(Records from a data collection)
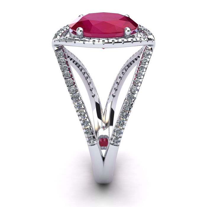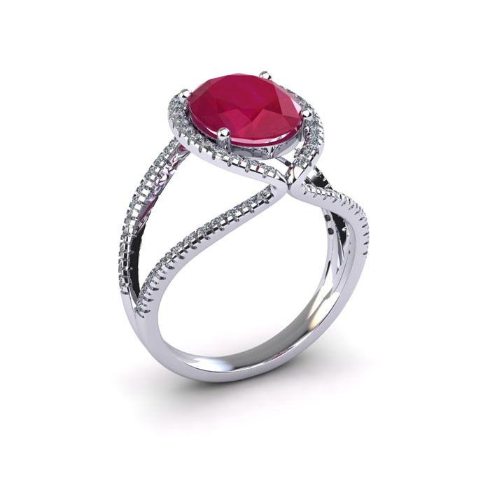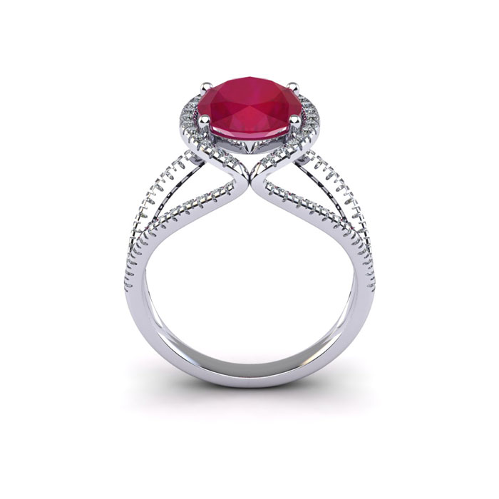 Retrograde Birthstones™ 2 Carat Oval Shape Ruby and Halo Diamond Ring In 14 Karat White Gold
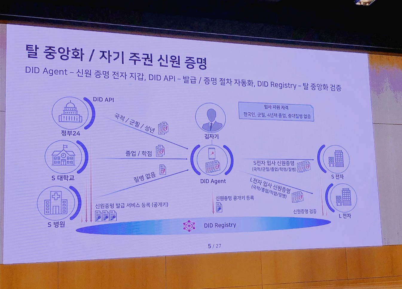 다음은 Decentralized Identity 즉 분산 ID를 활용한 모바일 신분증 서비스를 설명하는 세션입니다.
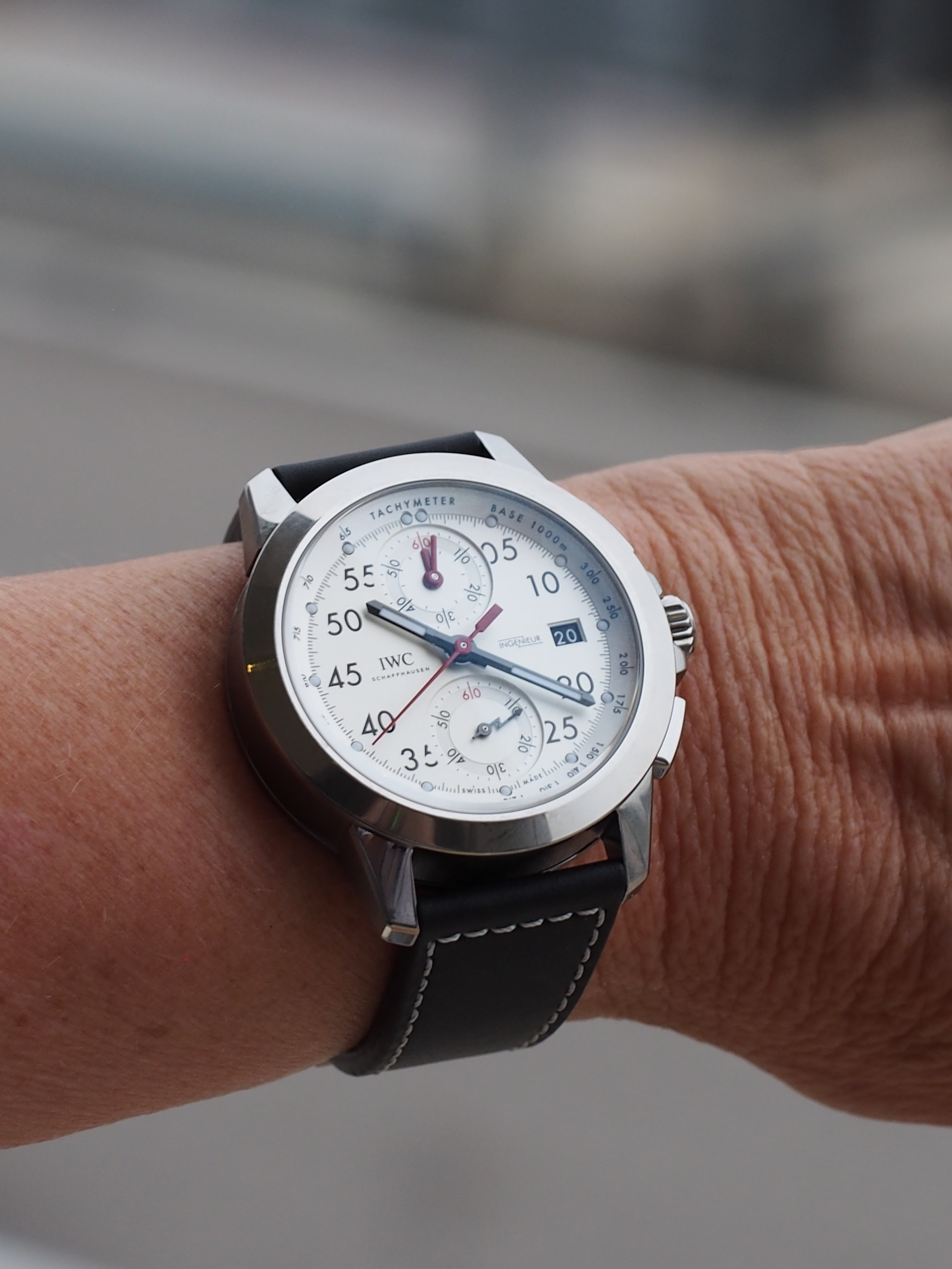 Even better than the racing (or at least, as good), was the fact that we few journalists joining IWC got the chance to wear different IWC watches while there, including the all-new IWC Ingenieur Chronograph Sport Edition 50th Anniversary of Mercedes AMG watch.
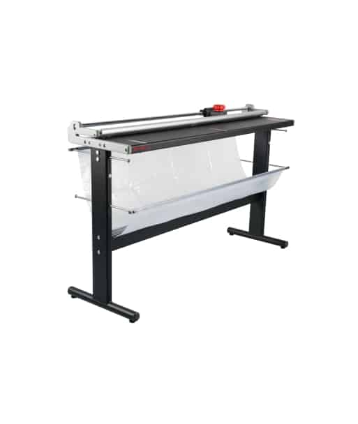Découvrez les caractéristiques techniques irréprochables de la « Coupeuse Trim 130 sur support – Chatel ». Cette coupeuse robuste, fiable et précise est conçue pour les plans de grand format. Avec une largeur de coupe de 1300mm, elle offre des coupes de haute précision. Sa conception conviviale simplifie l’entretien et l’utilisation, avec un arbre de guidage rond qui facilite le remplacement de la lame. Le couteau rotatif auto-affûtant en acier trempé et la lame fixe en acier inoxydable permettent des coupes précises sur du papier jusqu’à 0,4 mm d’épaisseur. L’alignement se fait sans effort grâce à son presseur de feuilles. Complément idéal de vos imprimantes plotwave ou designjet pour une gestion efficace des stocks.
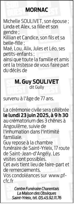 Cet espace « condoléances » est dédié à la mémoire de Monsieur GUY SOULIVET.

§ **Task requirements**: Output the records above exactly as written, but leave out the pictures.

§ **Expected output**:
 Retrograde Birthstones™ 2 Carat Oval Shape Ruby and Halo Diamond Ring In 14 Karat White Gold
 다음은 Decentralized Identity 즉 분산 ID를 활용한 모바일 신분증 서비스를 설명하는 세션입니다.
 Even better than the racing (or at least, as good), was the fact that we few journalists joining IWC got the chance to wear different IWC watches while there, including the all-new IWC Ingenieur Chronograph Sport Edition 50th Anniversary of Mercedes AMG watch.
Découvrez les caractéristiques techniques irréprochables de la « Coupeuse Trim 130 sur support – Chatel ». Cette coupeuse robuste, fiable et précise est conçue pour les plans de grand format. Avec une largeur de coupe de 1300mm, elle offre des coupes de haute précision. Sa conception conviviale simplifie l’entretien et l’utilisation, avec un arbre de guidage rond qui facilite le remplacement de la lame. Le couteau rotatif auto-affûtant en acier trempé et la lame fixe en acier inoxydable permettent des coupes précises sur du papier jusqu’à 0,4 mm d’épaisseur. L’alignement se fait sans effort grâce à son presseur de feuilles. Complément idéal de vos imprimantes plotwave ou designjet pour une gestion efficace des stocks.
 Cet espace « condoléances » est dédié à la mémoire de Monsieur GUY SOULIVET.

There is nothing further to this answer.